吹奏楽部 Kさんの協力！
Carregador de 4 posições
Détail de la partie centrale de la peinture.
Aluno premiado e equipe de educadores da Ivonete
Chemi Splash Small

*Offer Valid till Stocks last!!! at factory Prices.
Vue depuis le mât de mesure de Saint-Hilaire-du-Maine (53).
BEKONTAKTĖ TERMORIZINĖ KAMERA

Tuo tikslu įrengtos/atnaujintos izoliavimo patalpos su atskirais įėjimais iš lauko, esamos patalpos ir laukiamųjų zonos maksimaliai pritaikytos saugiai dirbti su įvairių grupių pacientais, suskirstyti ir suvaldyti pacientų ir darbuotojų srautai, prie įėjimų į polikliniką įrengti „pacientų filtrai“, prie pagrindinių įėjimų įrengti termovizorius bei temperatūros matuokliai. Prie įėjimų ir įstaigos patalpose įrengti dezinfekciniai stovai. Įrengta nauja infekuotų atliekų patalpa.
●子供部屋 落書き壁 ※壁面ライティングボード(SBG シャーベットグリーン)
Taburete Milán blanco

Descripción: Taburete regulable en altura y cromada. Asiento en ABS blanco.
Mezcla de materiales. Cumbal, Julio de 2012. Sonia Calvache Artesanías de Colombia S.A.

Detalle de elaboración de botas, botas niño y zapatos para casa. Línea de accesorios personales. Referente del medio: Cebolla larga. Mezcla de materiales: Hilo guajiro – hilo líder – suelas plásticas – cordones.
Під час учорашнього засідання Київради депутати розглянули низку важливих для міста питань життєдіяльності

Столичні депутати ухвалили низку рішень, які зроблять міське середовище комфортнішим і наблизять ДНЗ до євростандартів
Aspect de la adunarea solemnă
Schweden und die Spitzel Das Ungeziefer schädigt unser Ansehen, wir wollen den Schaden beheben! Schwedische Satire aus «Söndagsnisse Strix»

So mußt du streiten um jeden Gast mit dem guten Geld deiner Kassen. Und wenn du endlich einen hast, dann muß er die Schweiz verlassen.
:::::
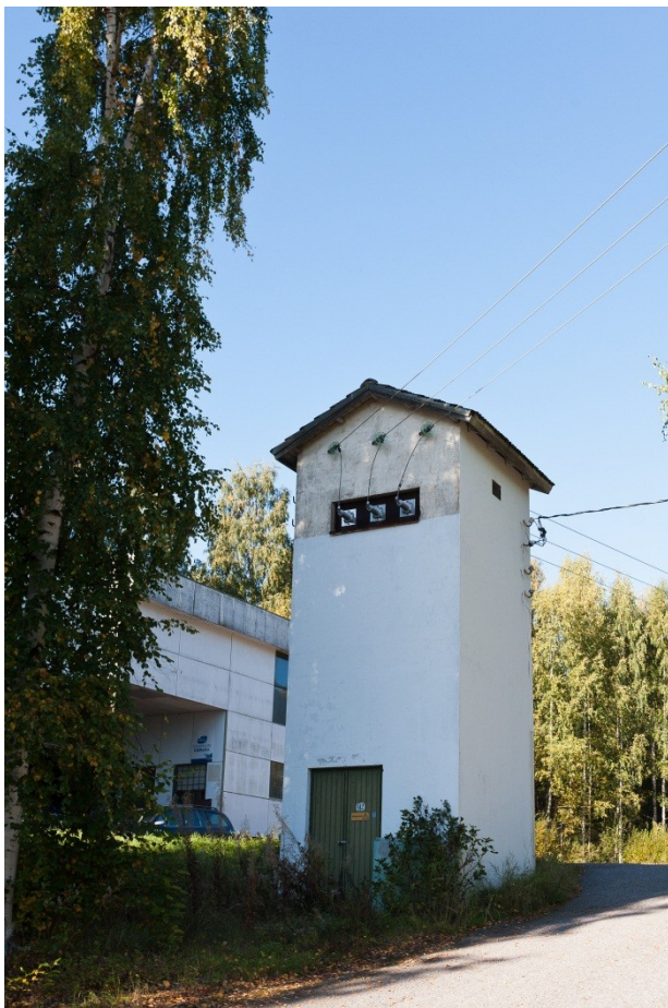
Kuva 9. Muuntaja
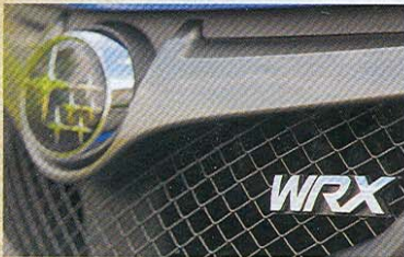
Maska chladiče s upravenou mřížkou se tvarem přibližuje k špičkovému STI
:::::
• [PROBLEM REQUIREMENTS]
Could you repeat exactly the lines in the listing above from the one with "Chemi Splash Small" down to the one with "So mußt du streiten"? Include both of those lines.

• [RESPONSE TO THIS EXERCISE]
Chemi Splash Small

*Offer Valid till Stocks last!!! at factory Prices.
Vue depuis le mât de mesure de Saint-Hilaire-du-Maine (53).
BEKONTAKTĖ TERMORIZINĖ KAMERA

Tuo tikslu įrengtos/atnaujintos izoliavimo patalpos su atskirais įėjimais iš lauko, esamos patalpos ir laukiamųjų zonos maksimaliai pritaikytos saugiai dirbti su įvairių grupių pacientais, suskirstyti ir suvaldyti pacientų ir darbuotojų srautai, prie įėjimų į polikliniką įrengti „pacientų filtrai“, prie pagrindinių įėjimų įrengti termovizorius bei temperatūros matuokliai. Prie įėjimų ir įstaigos patalpose įrengti dezinfekciniai stovai. Įrengta nauja infekuotų atliekų patalpa.
●子供部屋 落書き壁 ※壁面ライティングボード(SBG シャーベットグリーン)
Taburete Milán blanco

Descripción: Taburete regulable en altura y cromada. Asiento en ABS blanco.
Mezcla de materiales. Cumbal, Julio de 2012. Sonia Calvache Artesanías de Colombia S.A.

Detalle de elaboración de botas, botas niño y zapatos para casa. Línea de accesorios personales. Referente del medio: Cebolla larga. Mezcla de materiales: Hilo guajiro – hilo líder – suelas plásticas – cordones.
Під час учорашнього засідання Київради депутати розглянули низку важливих для міста питань життєдіяльності

Столичні депутати ухвалили низку рішень, які зроблять міське середовище комфортнішим і наблизять ДНЗ до євростандартів
Aspect de la adunarea solemnă
Schweden und die Spitzel Das Ungeziefer schädigt unser Ansehen, wir wollen den Schaden beheben! Schwedische Satire aus «Söndagsnisse Strix»

So mußt du streiten um jeden Gast mit dem guten Geld deiner Kassen. Und wenn du endlich einen hast, dann muß er die Schweiz verlassen.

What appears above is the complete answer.